The original stock of the Santiago Colony was collected by the author in India during September, 1938. Three months later, 409 monkeys were released on Santiago Island. On March 1, 1940 the Rhesus Colony had about 350 monkeys in various stages of development ranging from infancy to senility. There were 24 adult males and four sub-adult males who lived in heterosexual groupings, while 12 subadult males lived in unisexual male groupings, thus making a total of 40 males in the Colony. There were approximately 150 adult females, making a ratio of more than 6 adult females to each adult male. In addition there were 3 sub-adult females, 48 infants born in India during July and August, 1938,90 infants born in the Colony between May 19 and December 31, 1939 and 20-odd infants born since January 1, 1940.

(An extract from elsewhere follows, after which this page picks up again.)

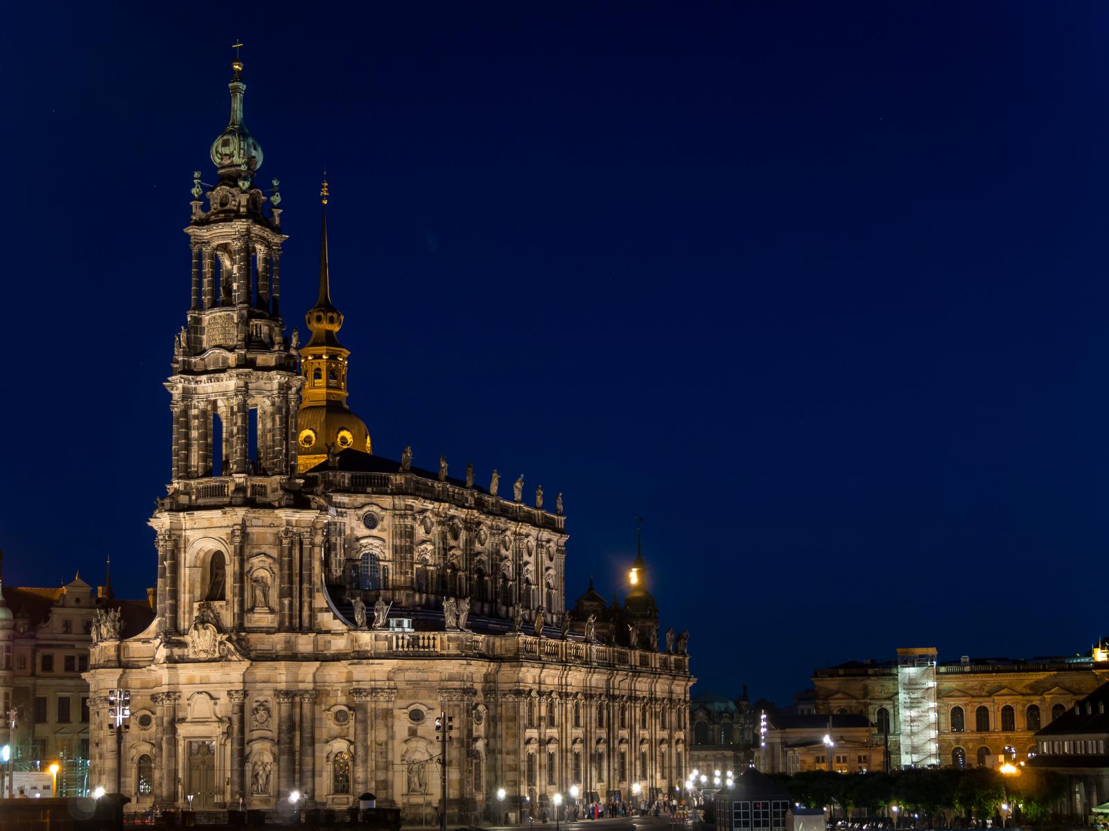 Обои Старинный собор Хофкирхе ночью, Дрезден. Германия

Besides these Rhesus monkeys there was a male, a female and an infant of the pig-tail type (Macaca nemestrinus) constituting a small family. The animals organized themselves into 6 heterosexual groups ranging in size from 3 in the case of the pig-tail group to 147 for the largest Rhesus group. The smallest heterosexual Rhesus group had 13 individuals. The average Rhesus group contained approximately 70 animals. This report is based on observations of 40 different Rhesus females of the Colony who passed through 45 periods of sexual receptivity between February 29 and April 27,1940. When this study began the Rhesus Colony had just been released from isolation cages, in which they had been held for six weeks for tuberculosis testing.